New technological treatments that can improve mental health
Illustration: Efi Chalikopoulou / FT

From video games to personal avatars, researchers are trying to develop a new generation of digital tools that don't involve taking any drugs or therapy.

Source: The Financial Times
Translation: Telegrafi.com

Irene Jimenez Padilla was constantly suffering from flashbacks from her time as a nurse during the coronavirus pandemic. Then a computer puzzle game changed everything.


Padilla was plagued by memories centered on patients who had died painfully before her eyes at Guy's and St Thomas' hospitals in London. The images kept coming back like a "pesky fly that comes, again and again, buzzing, buzzing, buzzing," she recalls.

She found it impossible to control these disturbing memories until she signed up for an innovative play-based therapy Tetris.
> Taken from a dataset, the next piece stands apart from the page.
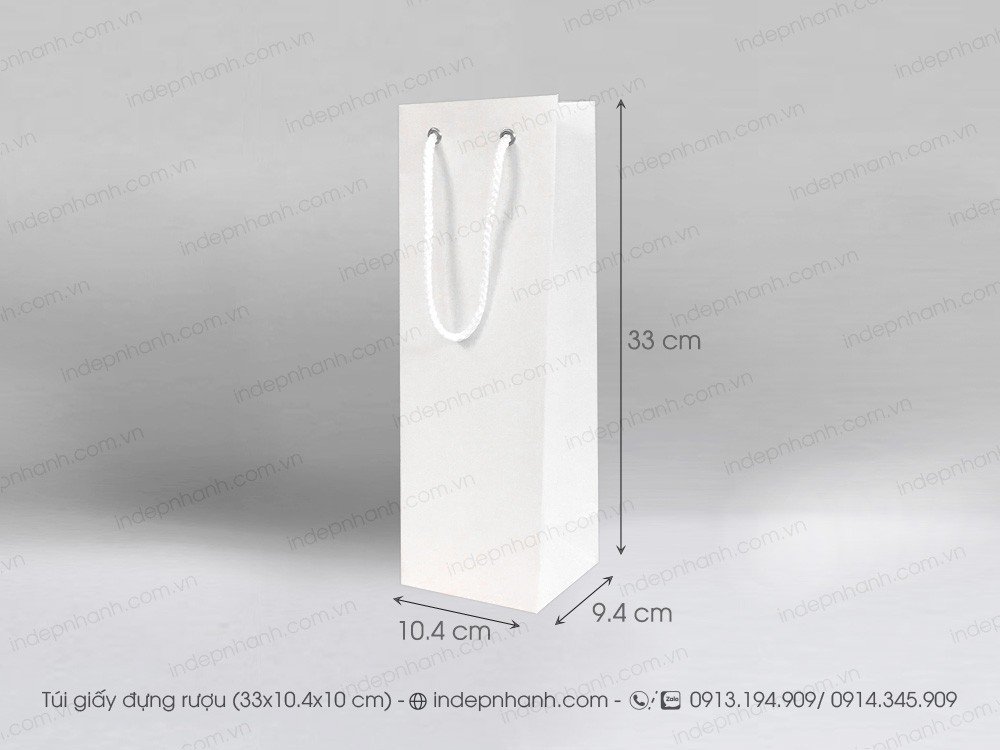 Quy cách túi giấy đựng rượu màu trắng có sẵn, bán từ số lượng 10 túi

After a few weeks – playing the game that involves rotating blocks of different shapes and colors to fit together – the change was dramatic. She still remembered the events of the time of the coronavirus, but no longer experienced them in the way that caused her deep anxiety.

"It was so effective," she says of the digital calming effect that Tetris offered him. "All those faces, all those noises - they're gone."

method Tetris is part of a new frontier of mental health treatments that use new technologies and which are in their early stages offering promising results and new possibilities.

Motivated in part by the limitations of existing treatments – mostly drugs or psychotherapy – many researchers are trying to develop digital tools for treating mental health.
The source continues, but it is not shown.